Sebeck was at a loss. “But they can’t just—”

“Check your history, Pete. This wouldn’t be the first time corporate combinations attacked people in the United States. Based on the brain scans of that so-called insurgent you brought in, and the scans of others captured elsewhere, it looks like we’re facing a who’s who of mercenary companies that have supported repressive regimes around the world.” Ross was clicking on D-Space, examining feeds and quickly reading. “Here’s a high-rep journo with pictures of armored cars coming in by train, at night under tarpaulins. Light attack helicopters . . .”

Sebeck leaned in to look. “How can they get away with this? Where the hell is the U.S. military? Where is the government?”

Price leaned in as well. “Check out the media blitz they’ve been putting on nonstop. ‘Anarchy in rural America’—the economy spiraling downward. They’re making people desperate for security.”

Sebeck pondered their situation. “We need the National Guard.”

Ross shook his head. “I don’t think we can count on government intervention to help us, Pete. Something’s going on behind the scenes. Something we can’t see.”

Price threw up his hands. “So what does that mean? Internment camps? Worse?”
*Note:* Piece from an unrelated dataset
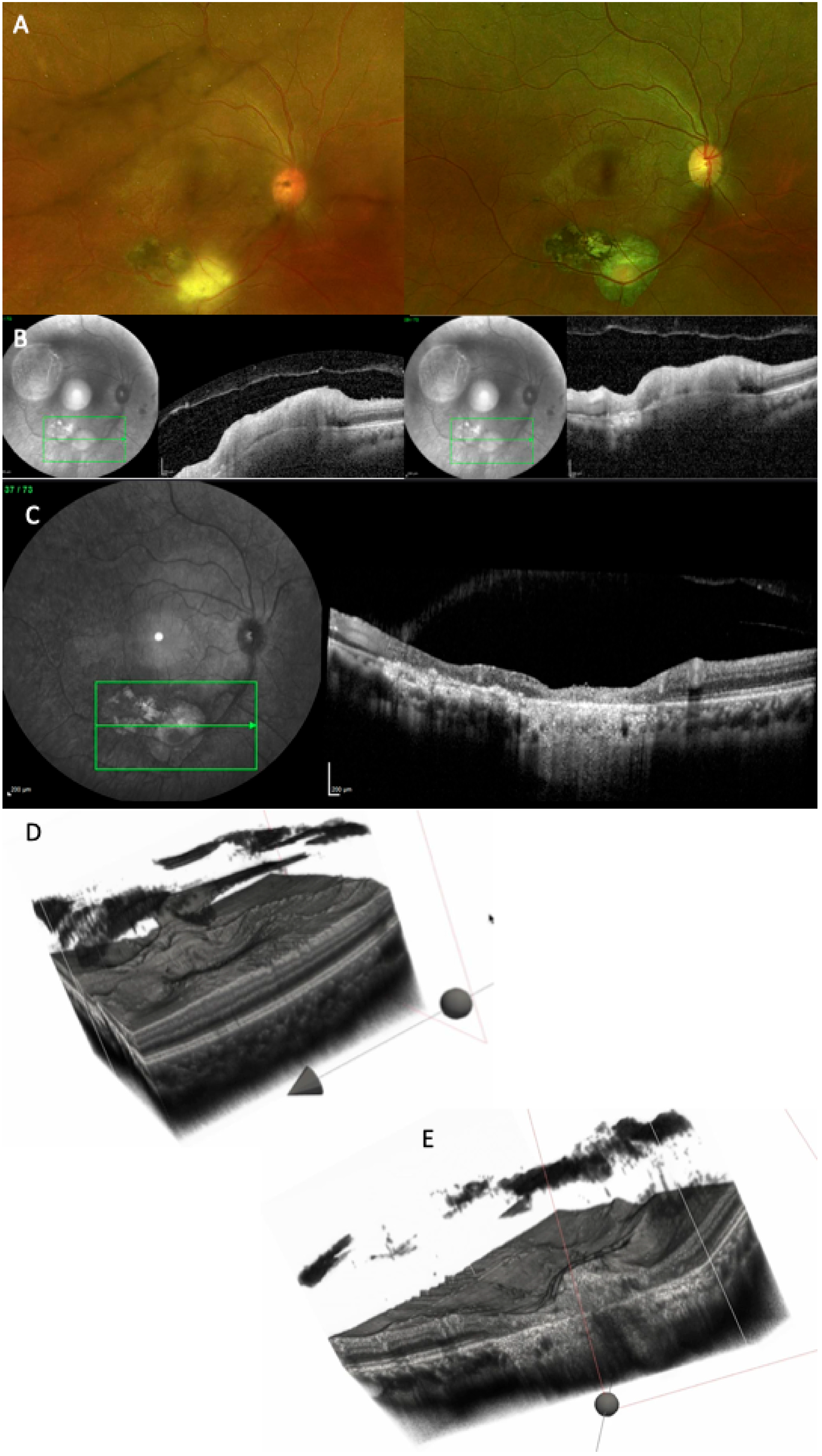 As expected for a retrospective analysis, our study has several limitations. The sample size was inherently limited due to the exclusion criteria applied, including the requirement for at least two acquisitions at different time points. In many cases, the degree of initial vitritis precluded OCT imaging, which substantially reduced the pool of eligible patients, despite the database containing a much larger number of potential cases. Furthermore, the image processing and reconstruction workflow was not fully automated; layer isolation and segmentation required partial manual intervention. This labor-intensive process constrained the feasibility of including additional patients in the analysis. A more standardized and well-defined image acquisition protocol would have allowed for more accurate comparisons both between patients and in the same patient over time. However, the selected protocol was appropriate given the degree of vitritis observed; in cases with marked medium opacity, high-detail imaging protocols cannot be reliably obtained. Motion artifacts, vitritis, and shadowing occasionally obscured lesion boundaries, making accurate delineation challenging across all slices. Additionally, the absence of histopathologic correlation restricts definitive interpretation of certain OCT features. Furthermore, quantification of the lesion’s volume was not attempted due to a difficult delineation of the exact limit of the active TRC which would have been challenging. Other potential limitations could be image misalignment software interpolation errors or missing data in areas of full-thickness retinal loss. Ideally, our analysis would have relied solely on acquisitions with a high number of sections, which would have enabled a reconstruction more closely reflecting the true anatomical appearance and reduced the need for interpolation. Although this limitation can make visual comparisons more challenging, the quantitative assessment of the B-scans across the lesions remains valid, as our analysis accounted for the acquisition-specific parameters, including the spacing between sections.
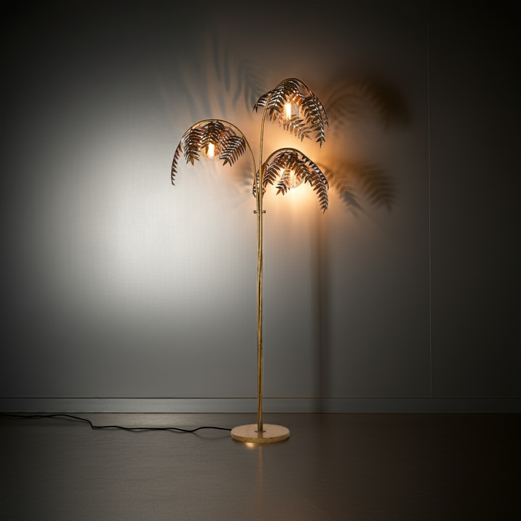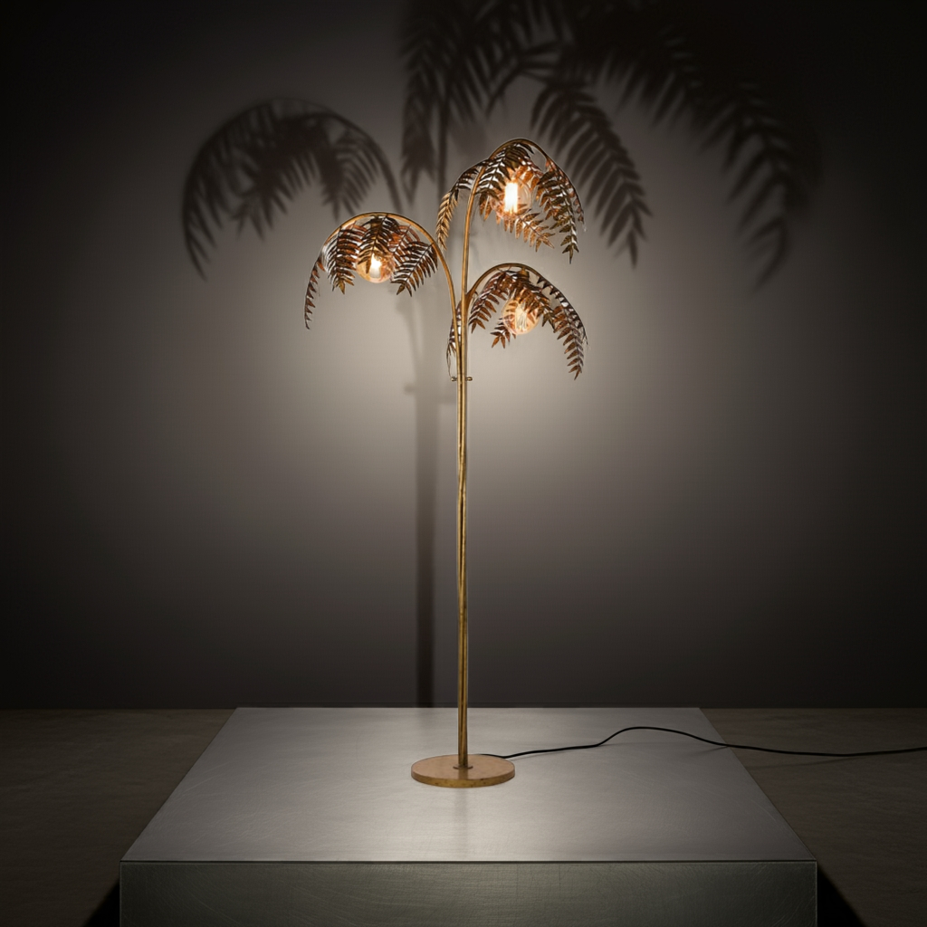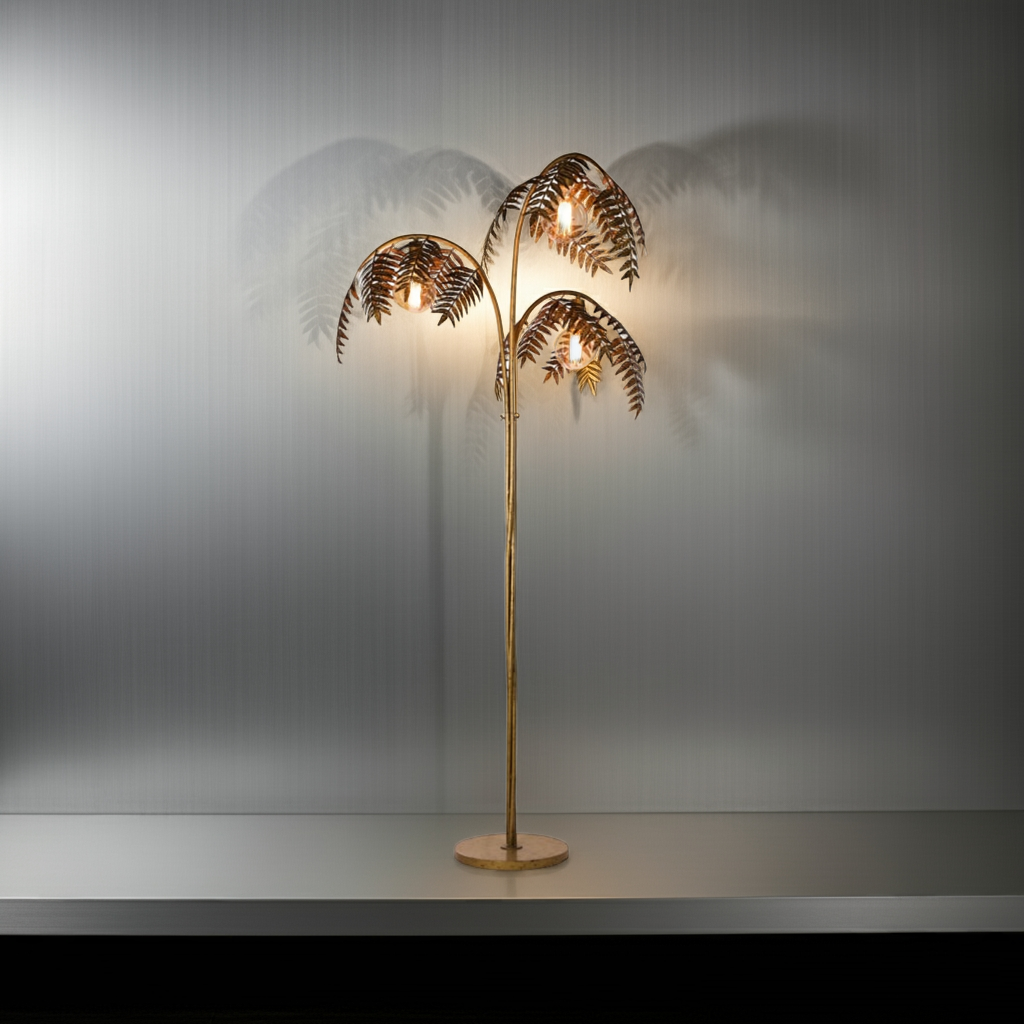 The Antique Gold Palm Leaf Floor Lamp is a beautifully crafted piece designed to enhance any living space. Its intricate palm leaf design adds a touch of elegance, while its sturdy construction ensures long-lasting use. A must-have for those looking to elevate their home decor.

Sebeck sat down on a nearby public bench and put his head in his hands. “So they cut the power, but we still have electricity because we’ve been using local sources.”

“Right.”

“And we still have communications with one another and the outside world because we’re using a wireless mesh network.”

“Yes—although, I imagine they’ll have electronic warfare people trying to locate and destroy all the nodes on our perimeter as soon as possible.”

Price interjected. “But the factions outside the quarantine will keep throwing down more to keep us connected. And infrastructure defense factions will get involved in this at some point.”